I MEAN to inquire if, in the civil order, there can be any sure and
legitimate rule of administration, men being taken as they are and laws
as they might be. In this inquiry I shall endeavour always to unite what
right sanctions with what is prescribed by interest, in order that
justice and utility may in no case be divided.
I enter upon my task without proving the importance of the subject. I
shall be asked if I am a prince or a legislator, to write on politics. I
answer that I am neither, and that is why I do so. If I were a prince or
a legislator, I should not waste time in saying what wants doing; I
should do it, or hold my peace.
As I was born a citizen of a free State, and a member of the Sovereign,
I feel that, however feeble the influence my voice can have on public
affairs, the right of voting on them makes it my duty to study them: and
I am happy, when I reflect upon governments, to find my inquiries always
furnish me with new reasons for loving that of my own country.
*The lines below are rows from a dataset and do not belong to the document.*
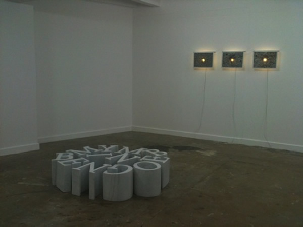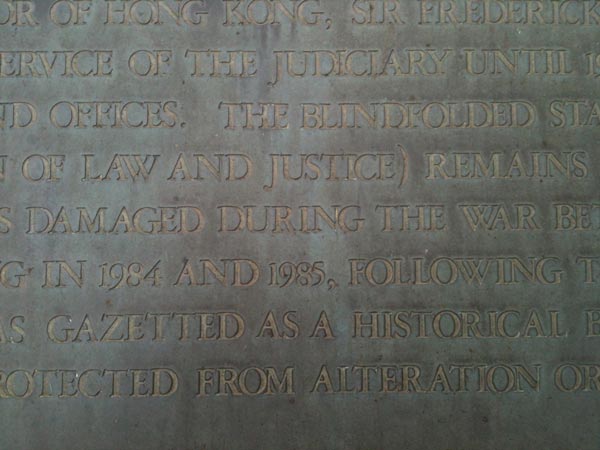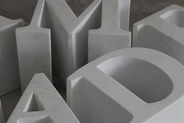 DAMAGED. Marble, dimension variable (each letter approx. 30x30x30cm; installation approx. 140x90x30cm) DAMAGED is quoted from the commemorative inscription in front of the Old Supreme Court (also Old Legislative Council Building today) which contains this line: “The stonework on the rear façade was damaged during the war between 1941 and 1945.” Only time but not reasons and comments for its damage have been mentioned.
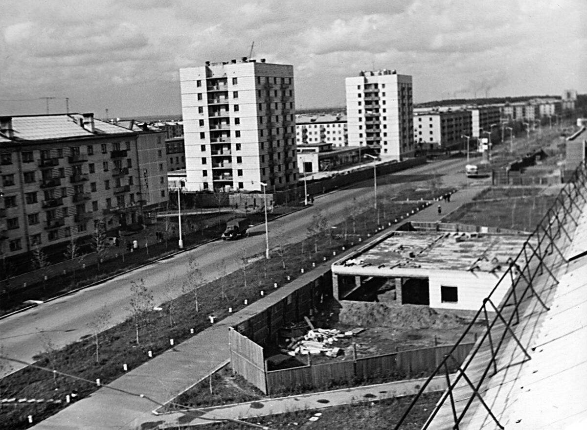 70-е..Коммунистический проспект во времена празднования 50 Октябрьской революции. Еще нет "Шашлычной", строиться "Малыш", достраиваются Коммуна-70,74. Огороженные стройплощадки.
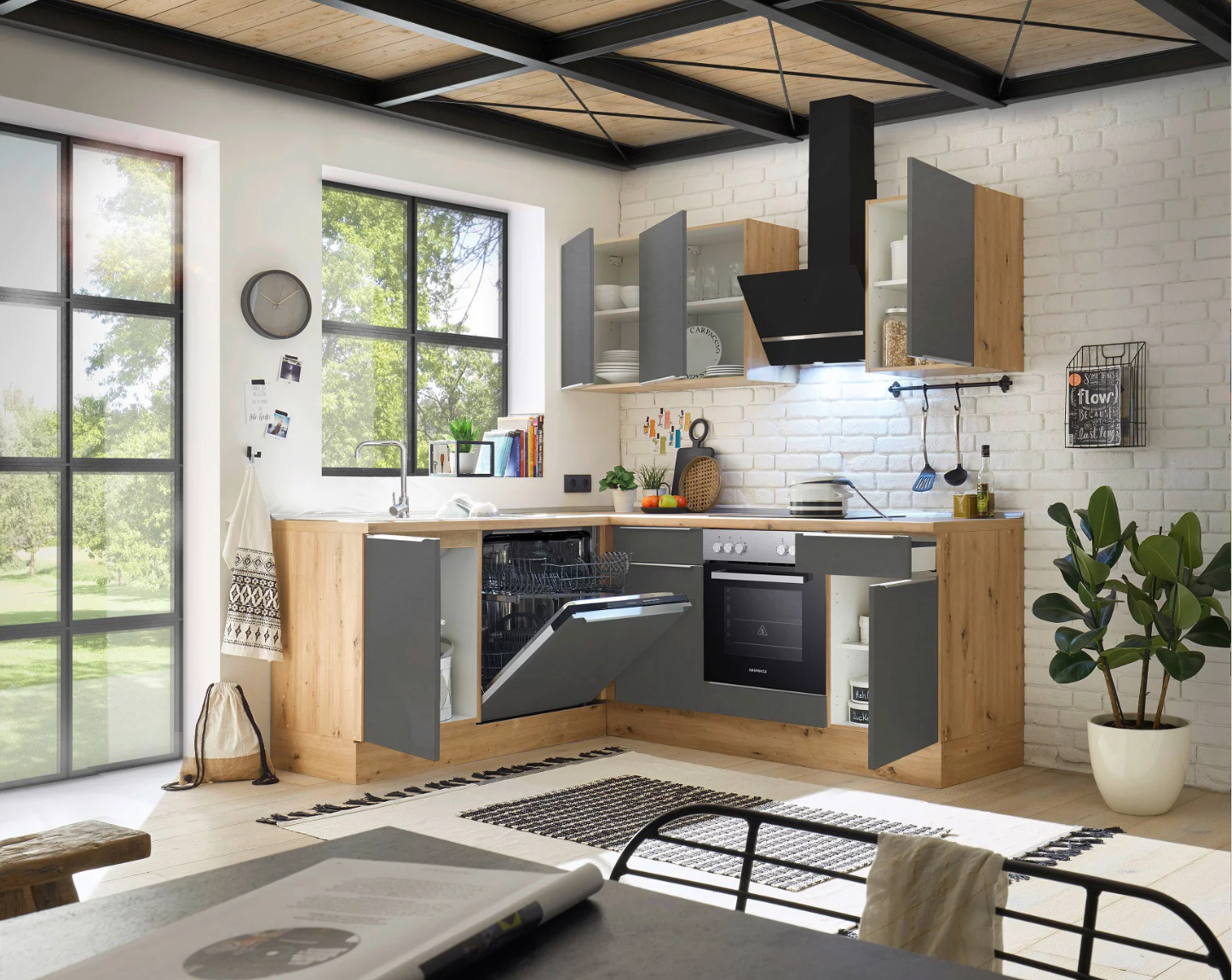 Besonderheit: Die Marleen-Winkelküche bietet eine clevere Ecklösung mit viel Stauraum, Soft-Close-Komfort und einem modernen, grauen Look – perfekt für funktionale und stilvolle Küchengestaltung.
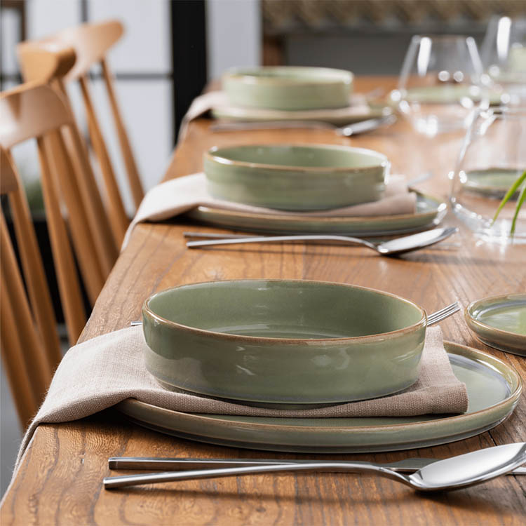 The collection’s artisanal quality is highlighted by gentle natural irregularities in its forms reminiscent of handcrafted ceramics. Designed to bring warmth comfort and a sense of nature’s tranquility to your dining experience, the Oliva Collection invites you to savour the simple pleasures of a meal beautifully served.

MAN is born free; and everywhere he is in chains. One thinks himself the
master of others, and still remains a greater slave than they. How did
this change come about? I do not know. What can make it legitimate? That
question I think I can answer.
If I took into account only force, and the effects derived from it, I
should say: "As long as a people is compelled to obey, and obeys, it
does well; as soon as it can shake off the yoke, and shakes it off, it
does still better; for, regaining its liberty by the same right as took
it away, either it is justified in resuming it, or there was no
justification for those who took it away." But the social order is a
sacred right which is the basis of all other rights. Nevertheless, this
right does not come from nature, and must therefore be founded on
conventions. Before coming to that, I have to prove what I have just
asserted.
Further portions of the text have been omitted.